FASHIONPHILE (the "company"), the leading e-commerce company focused exclusively on pre-owned ultra-luxury handbags, watches and fine jewellry, announced that it has raised $38.5 million in Series B funding led by NewSpring Growth, the dedicated growth and expansion strategy of private equity firm NewSpring. This funding round follows FASHIONPHILE's minority investment from Neiman Marcus in April 2019, which resulted in the opening of the company’s studio drop-off locations in certain Neiman Marcus stores. DC Advisory was the exclusive financial advisor to FASHIONPHILE on both transactions.

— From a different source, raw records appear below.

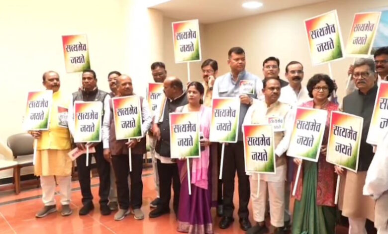 सत्यमेव जयते’ का पोस्टर लेकर सदन में पहुंचे कांग्रेस विधायक
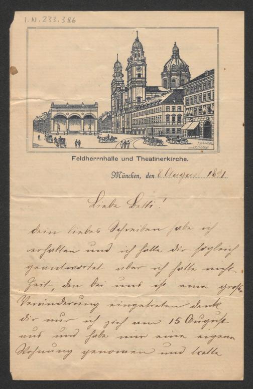 - AnmerkungVgl. Josef Schrammel. Gründer des Schrammelquartetts. Kommentiertes Nachlaßverzeichnis. Bearb. von Martin Peche und Hugo Wetscherek. Wien: Inlibris 2000 (= Inlibris Katalog 7), Nr. 307Briefpapier mit Kopfaufdruck: Feldherrnhalle und Theatinerkirche
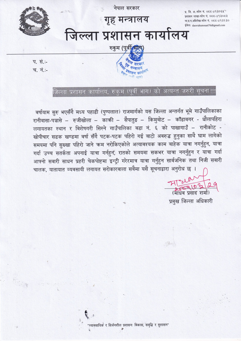 तस्बिर : जिल्ला प्रशासन कार्यालय, रुकुम (पूर्वी भाग) को अत्यन्त जरुरी सूचना
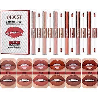 2-in-1 Lipstick Set, 6 Pcs Hydrating Lip Gloss and Matte Lipstick Set Long-Lasting and Waterproof Lips Makeup Kits
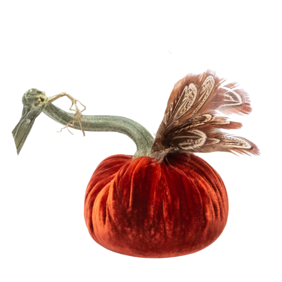 Hot Skwash Silk Velvet & Pheasant Plume Pumpkin, Fire Multi Sizes
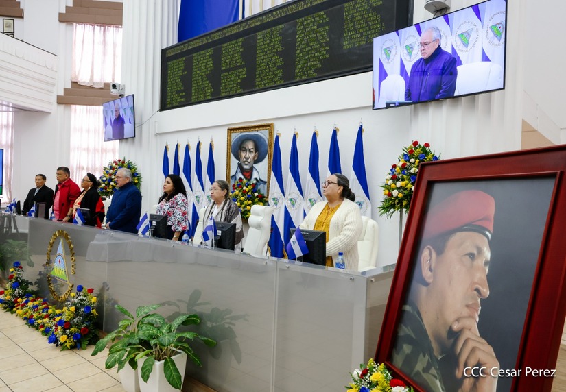 Asimismo, la diputada Indiana López Rueda, en nombre de la Comisión Parlamentaria de Amistad con la República Bolivariana de Venezuela externó un mensaje de solidaridad con el pueblo venezolano y reafirmó el compromiso de los nicaragüenses revolucionarios con el legado histórico y de lucha que un día impulsó el Comandante Hugo Chávez.

Founded in 1999, FASHIONPHILE is the leading pre-owned ultra-luxury pioneer who ranked as one of the top ten searched fashion brands on Google in 2018. The company is known for its never-ending inventory of the most coveted handbags and accessories, a direct buyout model, and best-in-class authentication. Their innovative retail partnership with Neiman Marcus has accelerated the luxury lifecycle to a velocity unparalleled anywhere else in the world, bridging the primary and secondary market through FASHIONPHILE’s innovative e-commerce technology, proprietary pricing algorithm, and pioneering authentication platform.

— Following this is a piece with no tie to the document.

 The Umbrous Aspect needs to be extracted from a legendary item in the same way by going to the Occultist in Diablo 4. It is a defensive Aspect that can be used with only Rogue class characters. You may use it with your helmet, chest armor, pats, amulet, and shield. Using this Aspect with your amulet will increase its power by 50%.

This funding will drive operational and geographic scale, further expanding their omni-channel footprint and opening regional fulfillment centers both domestically and abroad. The funding will also drive advancement across the company's suite of proprietary technologies with a focus on enhanced automation and artificial intelligence including patent pending visual recognition technology.

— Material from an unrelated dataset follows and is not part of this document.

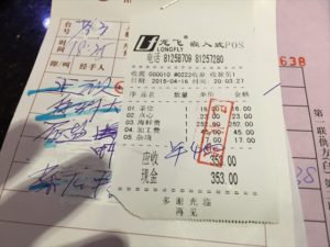 このお店のマイタンは353元でした。日本円で約7,000円です。

"The DC Advisory team was an exceptional partner and delivered an outstanding result by exploring all alternatives and managing our transaction from inception to close."

Sarah Davis
FASHIONPHILE Co-founder & President

"We were impressed by DC Advisory's tireless advocacy, knowledge and determination to get a successful deal done for the company. They generated a fantastic outcome in helping us find a new partner that will support us in our next stage of growth and success."